Has Las Vegas bounced back from the recession? Not yet, but hopefully soon, analysts say

Tom Donoghue

A view of SLS under construction, July 15, 2013.

Is Vegas Back?

A packed Fremont East District on Friday, July 5, 2013. Launch slideshow »

Has Las Vegas rebounded from the Great Recession?

According to a group of experts at the Global Gaming Expo, not yet.

Casino executives and analysts said Wednesday that although the city has made great strides since the local economy flat-lined in the late 2000s, it still has a way to go. Room rates remain low, tourism numbers have fallen short of expectations, and many projects remain mothballed.

Several strategies, however, are in play to try to make Southern Nevada boom once again, they said.

The arrival of the SLS and Gansevoort hotels, as well as the Genting Group's plans to build Resorts World Las Vegas on the site of the former Echelon, all are indicators that a recovery is picking up steam. Casino companies also are adjusting to visitor demographics that have changed.

“A decade ago, about 60 percent of our revenue was generated in the casino and the rest came from other amenities, like hotel rooms, food and beverage and attractions,” MGM Resorts International executive Dan D’Arrigo said. “Now, it has flipped. The reality is that we had to change because of the proliferation of gaming elsewhere, and we had to differentiate our product, particularly to businesspeople in conventions and to international visitors.”

Las Vegas’ economy no longer is as resilient as it once was.

“We can throw out phrases like ‘recession proof,’” D’Arrigo said.

Bill Lerner, a gaming analyst with Las Vegas' Union Gaming Group, said today's gambler is younger than a decade ago. Nightclubs and day clubs have become more popular than slots and tables.

Casino companies have responded with projects that cater to a younger Generation X and Generation Y crowd, said panelist Dennis Farrell of Wells Fargo Securities.

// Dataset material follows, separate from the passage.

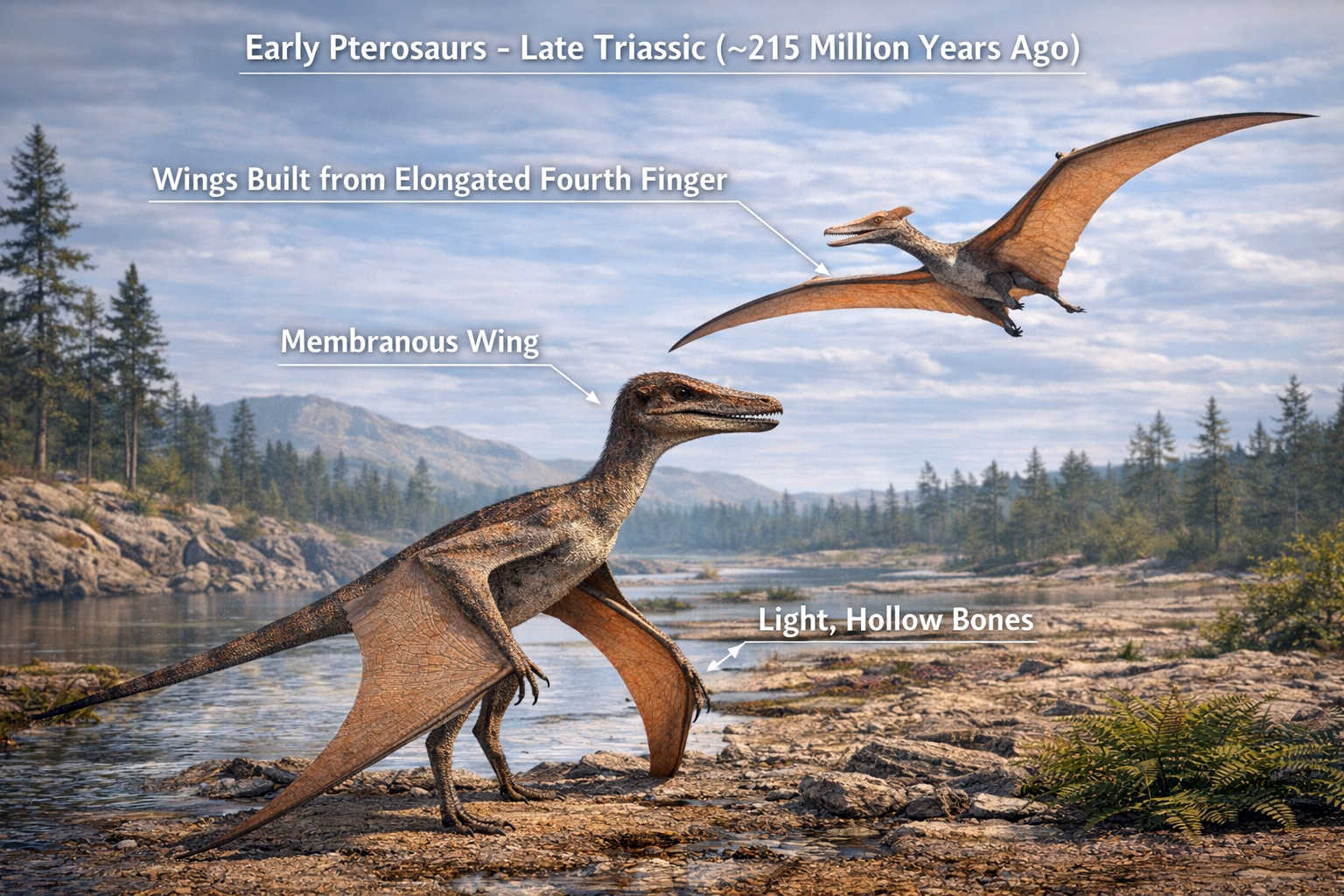 Pterosaurs were the first true flying vertebrates, appearing in the Late Triassic. They were not feathered birds, not bats, and not dinosaurs. They were a distinct branch of flying reptiles with wings formed mainly by a greatly elongated fourth finger supporting a wing membrane. The earliest true pterosaurs already appear as capable fliers, which means their branch had likely been developing for some time before the first clear fossils we have found.

Caesars Entertainment is building the Linq, while MGM Resorts is developing a park and retail walkway outside New York-New York and the Monte Carlo.

Lerner said Las Vegas’ goal to attract a larger number of international visitors also will change the city's customer profile. Tourism leaders hope to grow international visitation to 30 percent. About 40 million tourists visit Las Vegas annually.

D’Arrigo said international visitors spend twice as much on entertainment and shopping as domestic travelers and 1.5 times more on food and drinks. A higher number of Asians would increase baccarat play, which tends to generate the highest table game profits for casinos, he said.

Groundbreaking on the 3,500-room Resorts World next year and its opening in 2016 could be the biggest Strip energizer, the panelists said.

“In addition to all the construction jobs the project will create, there will be a long-term effect with 8,000 new jobs on the books,” D’Arrigo said. “That project will also give Las Vegas another touch point in international marketing.”

A new attraction would likely increase visitation to the city, Lerner said.

But the uptick might not necessarily jump-start other dormant projects, such as Fontainebleau, Lerner said. Owner Carl Icahn has financial resources to keep that property mothballed for years until a suitable deal is reached.

The opening of the SLS, Gansevoort and Resorts World could make the Fontainebleau property more valuable, Lerner said, but wouldn't likely rush Icahn into making a less-than-desirable deal.